» **PROMPT**: Transcribe everything in the listing as written, and let no image into the copy.

EXERCISE DATA START

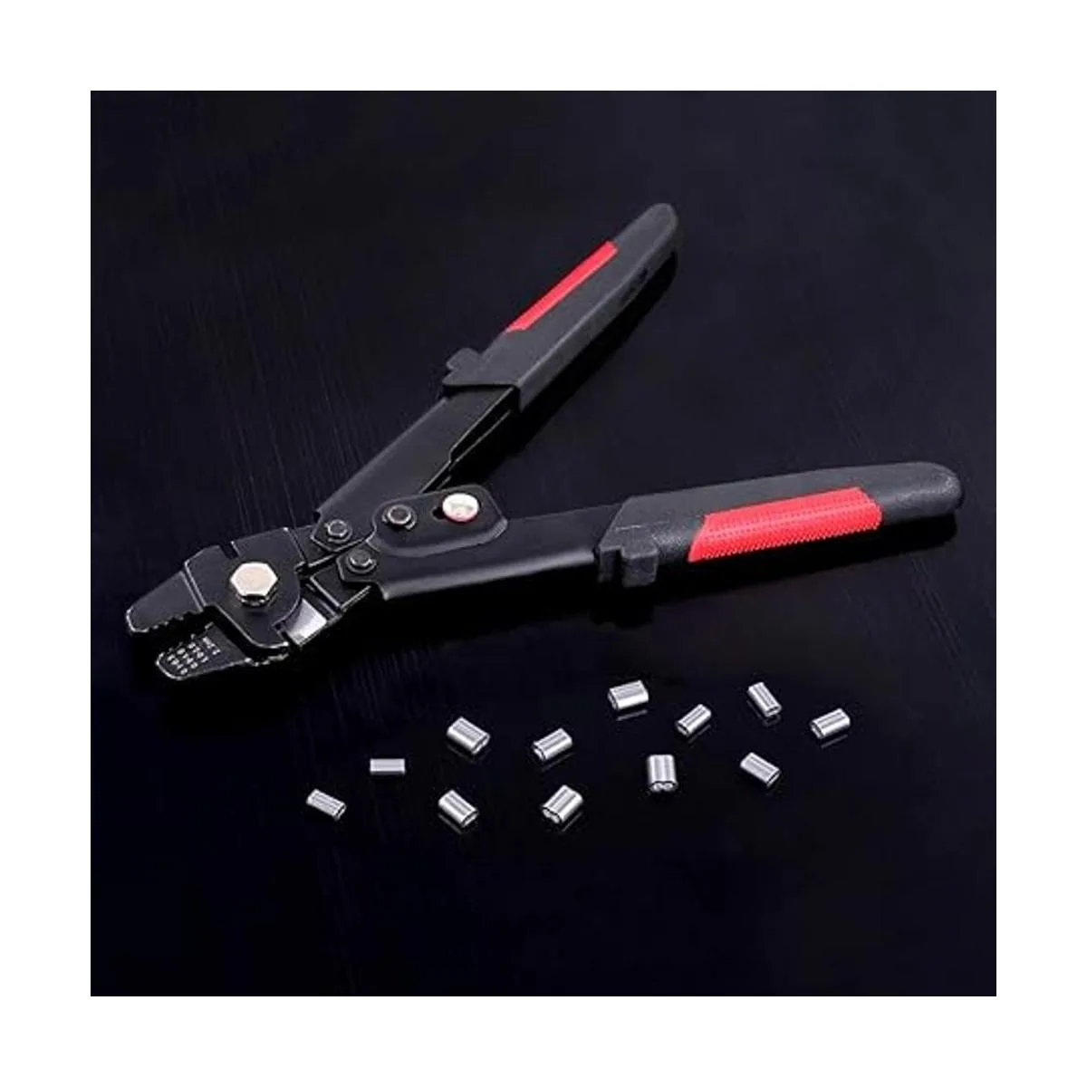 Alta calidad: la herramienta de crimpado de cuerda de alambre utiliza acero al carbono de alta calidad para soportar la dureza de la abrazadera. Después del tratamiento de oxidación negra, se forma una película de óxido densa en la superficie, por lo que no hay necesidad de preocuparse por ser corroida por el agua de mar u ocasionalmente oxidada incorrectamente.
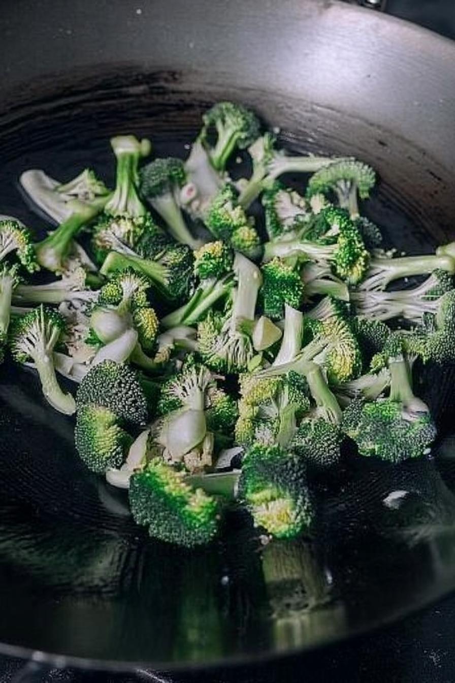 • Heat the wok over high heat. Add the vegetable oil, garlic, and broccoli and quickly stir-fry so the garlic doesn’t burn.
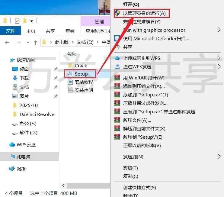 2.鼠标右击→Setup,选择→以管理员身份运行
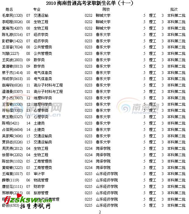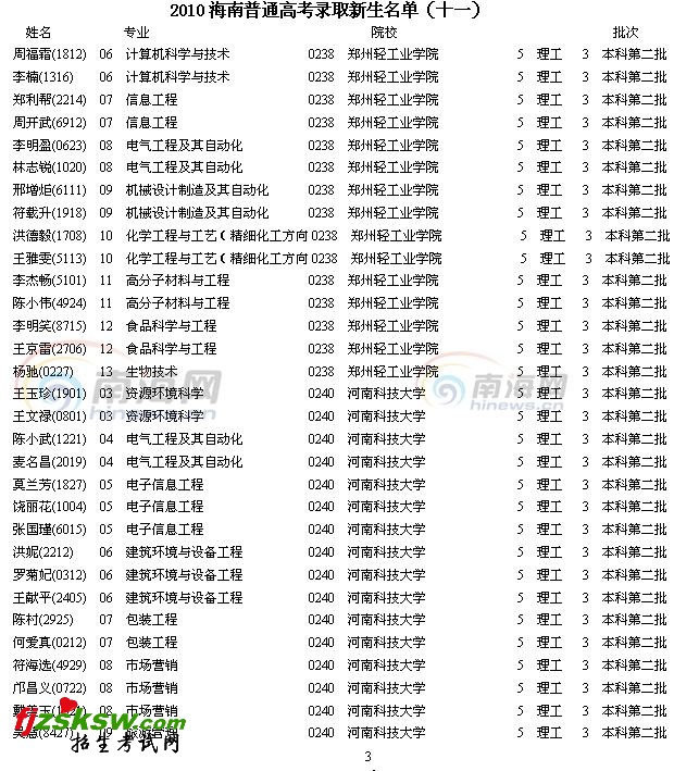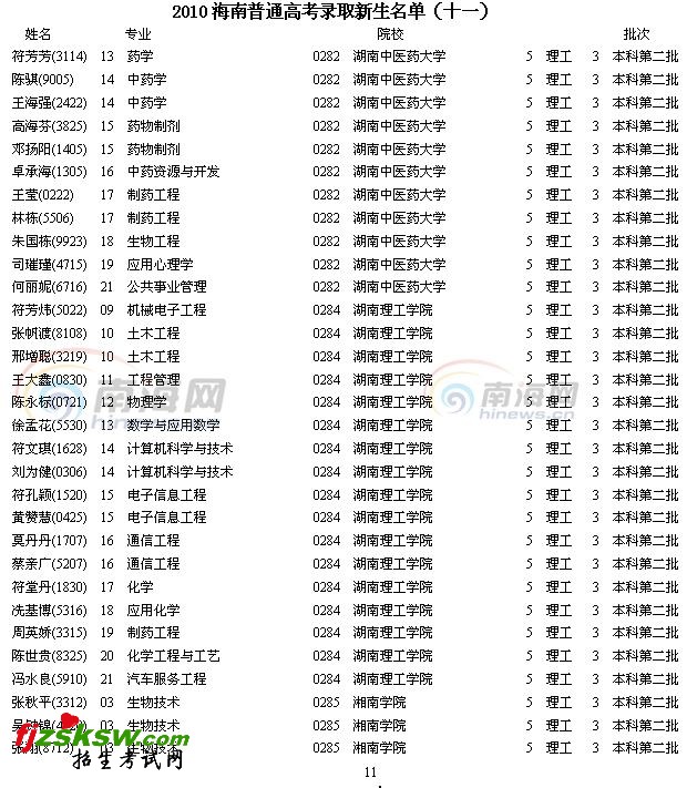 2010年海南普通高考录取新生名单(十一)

EXERCISE DATA END

» **EXERCISE RESULT**:
 Alta calidad: la herramienta de crimpado de cuerda de alambre utiliza acero al carbono de alta calidad para soportar la dureza de la abrazadera. Después del tratamiento de oxidación negra, se forma una película de óxido densa en la superficie, por lo que no hay necesidad de preocuparse por ser corroida por el agua de mar u ocasionalmente oxidada incorrectamente.
 • Heat the wok over high heat. Add the vegetable oil, garlic, and broccoli and quickly stir-fry so the garlic doesn’t burn.
 2.鼠标右击→Setup,选择→以管理员身份运行
 2010年海南普通高考录取新生名单(十一)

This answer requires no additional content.